20 de abril de 2006

LAS NOSTÁLGICAS FIESTAS

El cumpleaños de Don Lorenzo se celebraba en Agosto, justo en el mismo mes en el que años atrás había perdido la mitad de su pierna derecha en un accidente de carretera en el que él conducía un camión que transportaba material para construcción. Ahora usaba una prótesis de hierro pesadísima que ajustaba al muslo con unas correas de cuero. Doña Juana Ávila, su mujer, se esmeraba en el metate moliendo las semillas de cacahuate, junto con el chile ancho y el mulato y las almendras. Recuerdo verla hincada con las faldillas recogidas, pero sin dejar jamás el rebozo que la acompañaba todos los días desde las cinco de la mañana. En la otra orilla del metate, la pasta oscura del batido caía sobre un recipiente de plástico, que luego se rebajaría con caldo de pollo y se le agregaría el chocolate y el ajonjolí para preparar el sabrosísimo mole como sólo lo sabía hacer mi abuela.

El mole estaba casi listo para la hora en que Don Lorenzo venía de su nueva actividad económica: un carrito donde vendía tortas a los traileros, sus antiguos compañeros. No le gustaba estar inactivo, incluso para el día de la Fiesta de San Luis Rey, fecha que siempre caía un aguacero sobre la ciudad, él se alistaba con sus hules gruesos negros y se iba a trabajar empujando su carrito. Va a llover, advertía. Y llovía aunque no hubiera la más mínima señal en el cielo. Don Lorenzo tenía esa capacidad que tienen los viejos para predecir el futuro inmediato, esas cosas que uno no sabe como ocurren hasta que los años le dan la experiencia para oler la humedad en el aire, o distinguir en las estrellas y las nubes nocturnas el aviso de una frágil ráfaga helada que se avecina.

Mis padres y yo íbamos con frecuencia a casa de Don Lorenzo y Doña Juana, mis abuelos paternos y el día de la fiesta de cumpleaños no podía ser la excepción. Llegábamos siempre temprano, incluso antes de que alguno de los tíos matara al cerdo que habríamos de engullir en la tremenda comilona preparada para el festejo.
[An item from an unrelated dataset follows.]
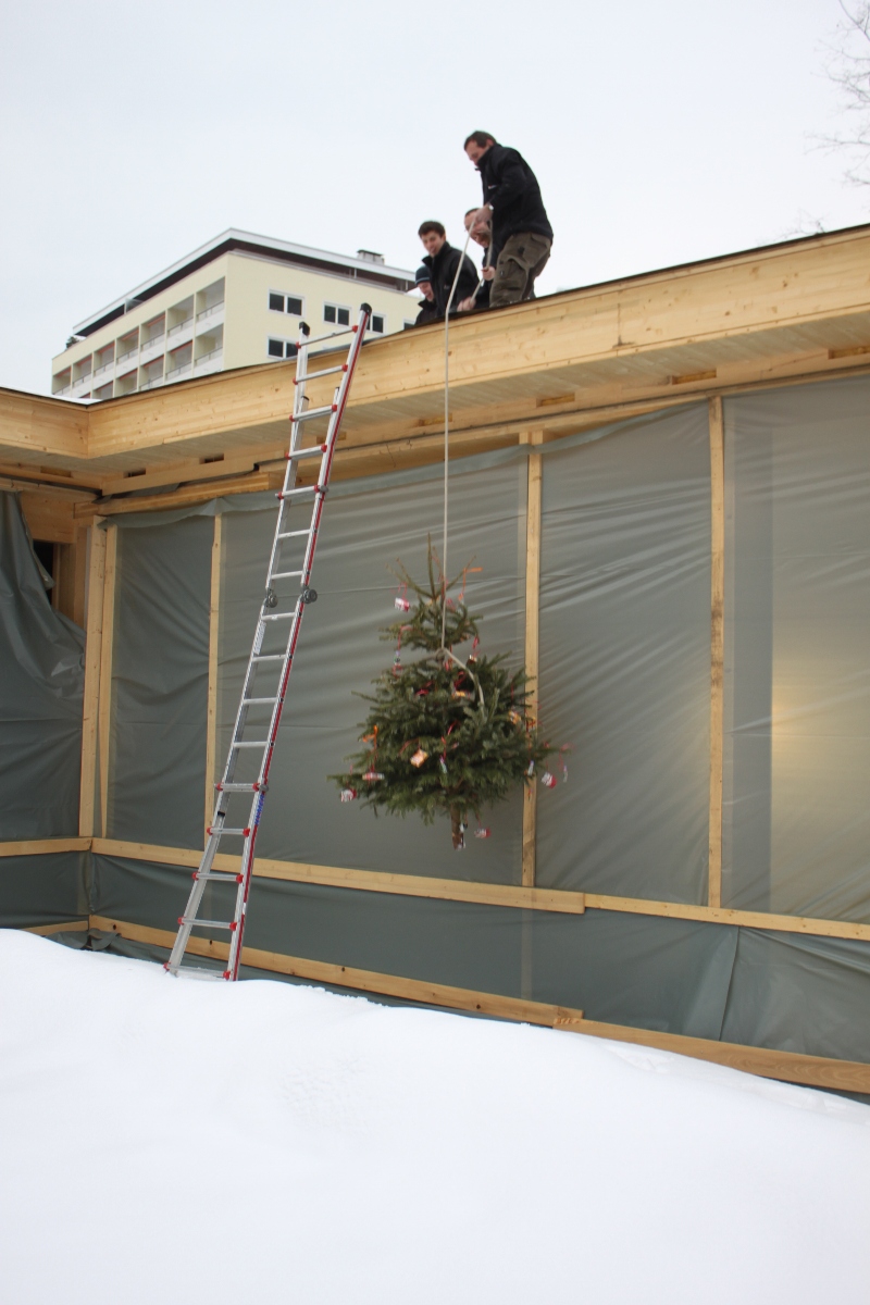 Aufzug und Setzung des Firstbäumchens.

No se por que todo mundo se emperifollaba: las mujeres se ponían sus vestidos de telas delgadas y brillantes y los hombres vestían muy formales, nunca estuve de acuerdo con asistir demasiado arreglado a una fiesta tan familiar. Mi abuelo Lorenzo usaba como siempre, un sobretodo de mezclilla dura, al estilo de los ferrocarrileros, zapatos de trabajo, su sombrero de pelo de liebre y en el bolsillo su reloj de leontina bañada en oro de 18 kilates y cuadrante blanco de porcelana, un regalo de su hijo mayor en un cumpleaños anterior.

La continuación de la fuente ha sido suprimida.